J K Cements Ltd Directors Reports

Dear Members,

Your Directors have pleasure in presenting Company's Twenty Ninth Annual Report and Audited Financial Statements for the year ended 31st March, 2023.

1. Financial Results

Particulars 2022-23 2021-22
Revenue from operations 899859.90 767858.40
Profit before depreciation & Tax and exceptional items 116172.12 137555.53
Less: Depreciation 36146.40 28201.96
Less: Exceptional items NIL 13000.00
Profit Before Tax 80025.72 96353.57
Tax Expense (Including deferred tax and tax adjustment of earlier years) 23771.62 33285.85
Profit After Tax 56254.10 63067.72
Add: OCI (Other Comprehensive Income) 319.47 380.61
Add: Retained earnings at the beginning of the year 208070.74 174854.95
Add: Transfer from Debenture Redemption Reserve 1307.35 1357.70
Less: Transfer to General Reserve 20000.00 20000.00
Less: Dividend on Equity Shares 11590.24 11590.24
Balance to be carried forward 234361.42 208070.74

2. Performance of the Company

Your Company's performance during the year under report has overall improved. However, substantial increase in input costs impacted profitability.The

Company's Revenue from Operations increased by 17.19% to H 899859.90 Lacs during the year compared to H767858.40 Lacs in previous year.Profit after Tax decreased to H56254.10 Lacs compared to H63067.72 Lacs.

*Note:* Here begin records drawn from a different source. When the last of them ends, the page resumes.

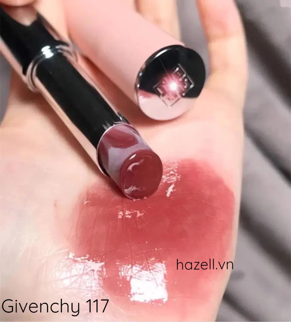 Son Dưỡng Givenchy Rose Perfecto Lip Balm màu N117 Chilling Brown là một tone son dưỡng sắc thái độc quyền mới từ Givenchy: tone màu hồng nâu gạch tạo hiệu ứng phát sáng tự nhiên - chính là phiên bản giới hạn lấp lánh màu hồng nâu gạch có chút ánh đỏ nhẹ cực kỳ nổi bật và sống động, phù hợp với mọi lối make up thậm chí có thể dùng với cả mặt mộc. Son dưỡng có lớp màu kết thúc hoàn hảo phù hợp cho trang phục hàng ngày.
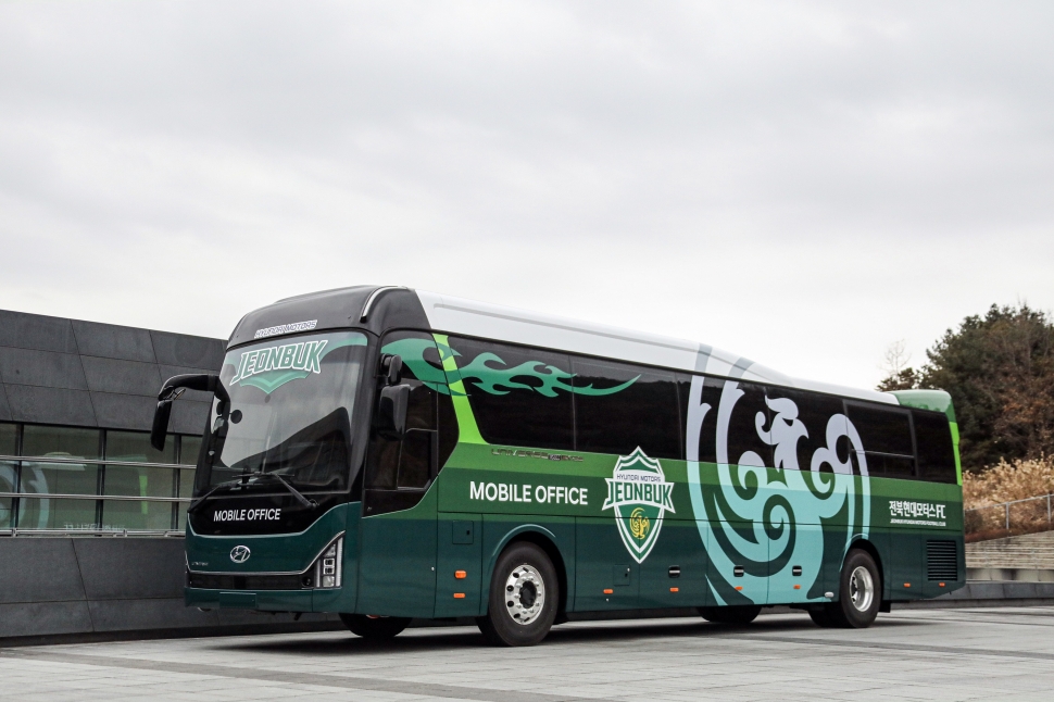 [오토캐스트=강명길 기자] 현대자동차가 유니버스 작전지휘차를 공개하고 2021년 K리그 우승 및 사상 첫 5연패를 달성한 전북 현대 모터스 축구팀에 전달했다고 6일 밝혔다. 유니버스 작전지휘차는 현대차의 프리미엄 고속버스인 유니버스를 사무 공간으로 커스터 마이징한 ‘유니버스 모바일 오피스’의 하나로 전북 현대 모터스와 함께 개발했다.
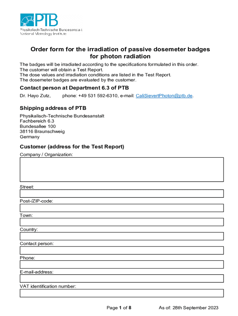 Get the free Order form for the irradiation of passive dosemeter badges ...
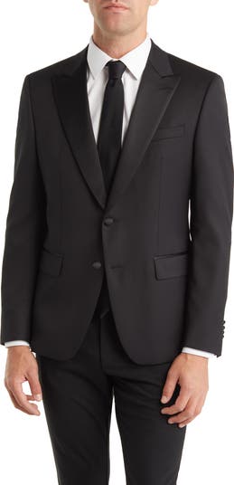 Satin lapels and pocket edges lend luxe detail to this rich virgin-wool sport coat crafted with contrast piping on the inside boasting a light sheen.
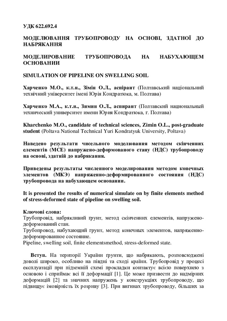 Наведено результати чисельного моделювання методом скінченних елементів (МСЕ) напружено-деформованого стану (НДС) трубопроводу на основі, здатній до набрякання.
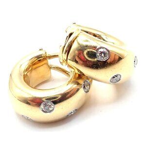 Authentic! Tiffany & Co 18k Yellow Gold Platinum Diamond Etoile Hoop Earrings

3. Performance of the Subsidiary /Joint Venture Companies

The Company has three wholly owned subsidiaries two in India viz. JaykayCem (Central) Ltd and JK Maxx Paint Ltd (formerly known as ‘JK Paints & Coatings Limited') and another in UAE viz JK Cement (Fujairah) FZC. JK Maxx Paint Ltd (formerly known as ‘JK Paints & Coatings Limited') has a step down subsidiary viz Acro Paints Ltd. The UAE subsidiary has one step down subsidiary and such step down subsidiary has a subsidiary in Africa. There has been no material change in nature of the business of subsidiaries.

Subsidiary Company

J.K. Cement (Fujairah) FZC (JKCF) recorded net income of AED 1933446 (equivalent to H422.92 Lacs) for the period from April,2022 to 31st March, 2023 (Previous year net Loss of AED 114172584.99 equivalent to H 23162.87 Lacs)

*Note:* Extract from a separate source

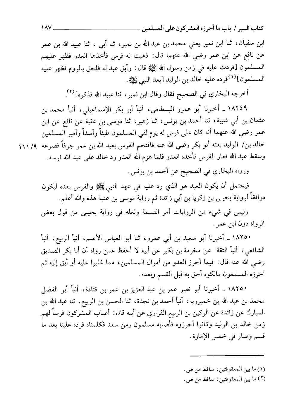 18249 - أَخْبَرَنَا أَبُو عَمْرٍو الْبِسْطَامِيُّ، أنبأ أَبُو بَكْرٍ الْإِسْمَاعِيلِيُّ، أنبأ مُحَمَّدُ بْنُ عُثْمَانَ بْنِ أَبِي شَيْبَةَ، ثنا أَحْمَدُ بْنُ يُونُسَ، ثنا زُهَيْرٌ، ثنا مُوسَى بْنُ عُقْبَةَ، عَنْ نَافِعٍ، عَنِ ابْنِ عُمَرَ رَضِيَ اللهُ عَنْهُمَا أَنَّهُ §كَانَ عَلَى فَرَسٍ لَهُ يَوْمَ لَقِيَ الْمُسْلِمُونَ طَيِّئًا وَأَسَدًا , وَأَمِيرُ الْمُسْلِمِينَ خَالِدُ بْنُ الْوَلِيدِ بَعَثَهُ أَبُو بَكْرٍ رَضِيَ اللهُ عَنْهُ , فَاقْتَحَمَ الْفَرَسُ بِعَبْدِ اللهِ بْنِ عُمَرَ جُرُفًا فَصَرَعَهُ , وَسَقَطَ عَبْدُ اللهِ , فَعَارَ الْفَرَسُ فَأَخَذَهُ الْعَدُوُّ , فَلَمَّا هَزَمَ اللهُ الْعَدُوَّ رَدَّ خَالِدٌ عَلَى عَبْدِ اللهِ فَرَسَهُ ". رَوَاهُ الْبُخَارِيُّ فِي الصَّحِيحِ عَنْ أَحْمَدَ بْنِ يُونُسَ فَيُحْتَمَلَ أَنْ يَكُونَ الْعَبْدُ هُوَ الَّذِي رُدَّ عَلَيْهِ فِي عَهْدِ النَّبِيِّ صَلَّى اللهُ عَلَيْهِ وَسَلَّمَ وَالْفَرَسُ بَعْدَهُ لِيَكُونَ مُوَافِقًا لِرِوَايَةِ يَحْيَى بْنِ زَكَرِيَّا بْنِ أَبِي زَائِدَةَ , ثُمَّ رِوَايَةِ مُوسَى بْنِ عُقْبَةَ هَذِهِ , وَاللهُ أَعْلَمُ وَلَيْسَ فِي شَيْءٍ مِنَ الرِّوَايَاتِ أَمْرُ الْقِسْمَةِ , وَلَعَلَّهُ فِي رِوَايَةِ يَحْيَى مِنْ قَوْلِ بَعْضِ الرُّوَاةِ دُونَ ابْنِ عُمَرَ
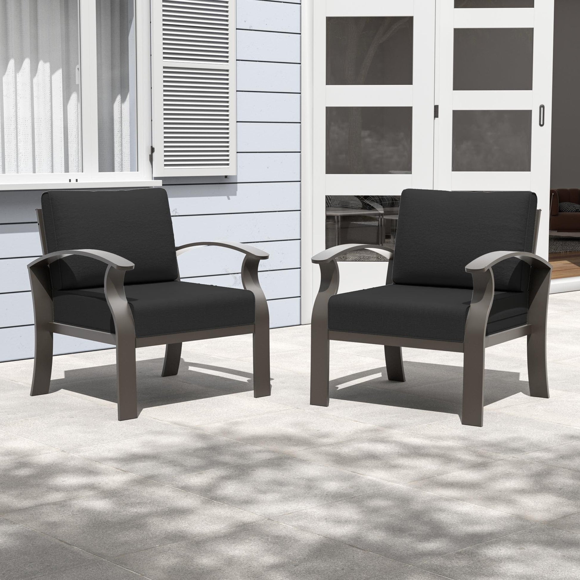 Canapés d'extérieur 2 places en aluminium avec coussins noirs

JK Cement Works (Fujairah) FZC (JKCWF) is primarly involved in the business of manufacturing and sale of white cement in Middle East and GCC markets. It has reported a turnover of AED 184986144.73 (equivalent to 40463.31 lacs) (Previous year AED 166408466.55 equivalent to H 33260.29 Lacs). It recorded a loss before OCI of AED 34494877.02 (equivalent to H7247.22 Lacs) for the period from April, 2022 to 31st March, 2023 {Previous year a loss of AED 39501152.48 equivalent to H 7908.22 lacs.}.

JK White Cement (Africa) Ltd. is second level step down subsidiary of the Company, incorporated on 4th November, 2018, in Republic of Tanzania. 99.90 % stake is held by JK Cement Works (Fujairah) FZC. It is engaged in the business of manufacturing/trading/ import/export of all types of cement, wall putty other allied products, cement clinker, limestone, gypsum etc.

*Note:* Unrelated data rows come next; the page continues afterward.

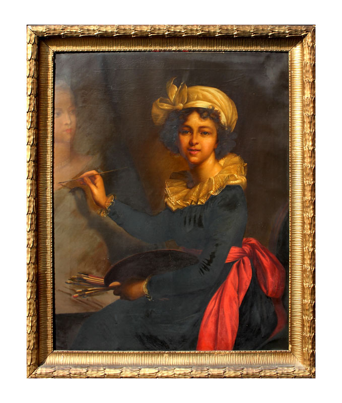 LARGE PORTRAIT PAINTING AFTER LEBRUN BY LEBRUN: Oil/Canvas, Depicts Vigee Lebrun portrait of herself, late 19th early 20th century reproduction, 40'' x 31.5'', acanthus leaf gesso frame, 46.5'' x 37.5''.
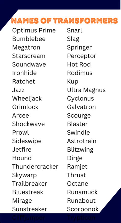 Transformers Name Ideas. Web mega voltex delta spark flame vector iron shard cyber quantum gear striker boltz thunder blade prowler nexus phantom. This is a list of the top 10 transformers names for 2023.
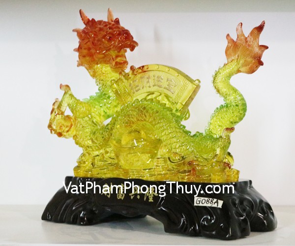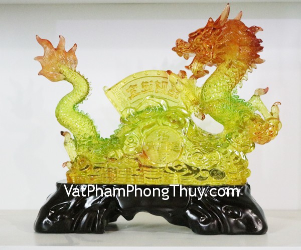 + Chất liệu và hoàn thiện: Tượng rồng lưu ly trên kim nguyên bảo, có đế gỗ, hàng bột đá màu cao cấp (tại Việt Nam).
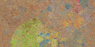 This is a visualization of all the nouns in the English language as a mosaic. Each of the tiles represents one of 53,463 nouns. Tighter groupings of colors (such as the green) might correspond to a specific category such as plants/trees.
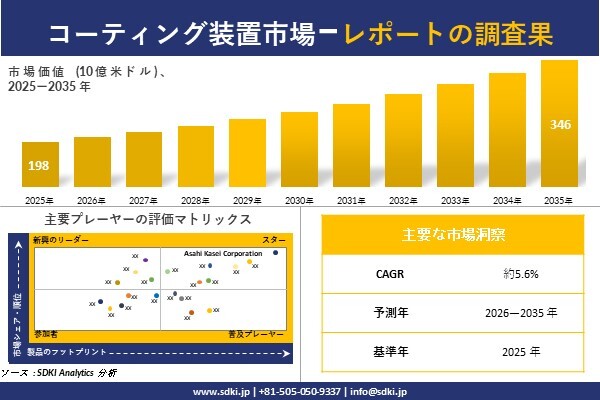 SDKI Analytics(本社:東京都渋谷区)は、このたび、2026年02月24に「コーティング装置市場調査レポート:2026-2035年の市場規模、シェア、傾向の予測」を発表しました。コーティング装置に関する市場調査レポートには、統計的および分析的アプローチを使用した予測評価が含まれています。この調査レポートでは、一次および二次調査方法を使用して分析された主要な業界洞察を通じて将来の傾向を理解できるようにすることで、主要な市場動向を読者に説明しています。
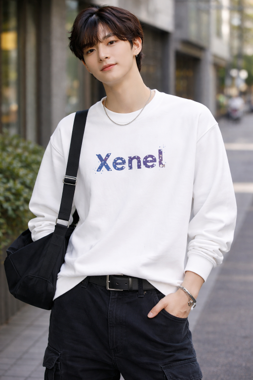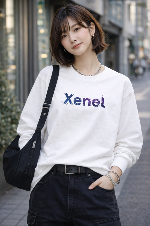 静かに目を引く、深いネイビーの「Xenel」ロゴ。

Jaykaycem (Central) Ltd, has set up grey cement manufacturing facilities in the state of Uttar Pradesh and Madhya Pradesh, recorded a revenue of H 33002.84 Lacs and net loss of H5969.40 Lacs (previous year loss H 97.31 Lacs) for the year ended 31st March, 2023. It is proposed to amalgamate with your Company and as on the date of reporting amalgamation is yet to be effective.

JK Maxx Paint Ltd (erstwhile JK Paints and Coatings Ltd.) is engaged in business of Paints business has been incorporated during the year under report. Acro Paints Ltd. became subsidiary of JK Maxx Paint Ltd and step down subsidiary of the Company w.e.f 6th January, 2023. Acro Paints Ltd has recorded revenue of H 7955.58 Lacs and a net profit of H29.47 lacs during the FY 2022-23.

4. Consolidated Financial Statements

The statement as required under Section 129 of the Companies Act, 2013, in respect of the subsidiaries of the Company viz. J.K. Cement (Fujairah) FZC, J.K. Cement Works (Fujairah) FZC, Jaykaycem (Central) Ltd, JK Maxx Paint Limited and Acro Paints Limited are annexed and forms an integral part of this Report. The Consolidated Financial Statements prepared in accordance with relevant Accounting Standards issued by the Institute of Chartered Accountants of India, form part of the Annual Report and Accounts.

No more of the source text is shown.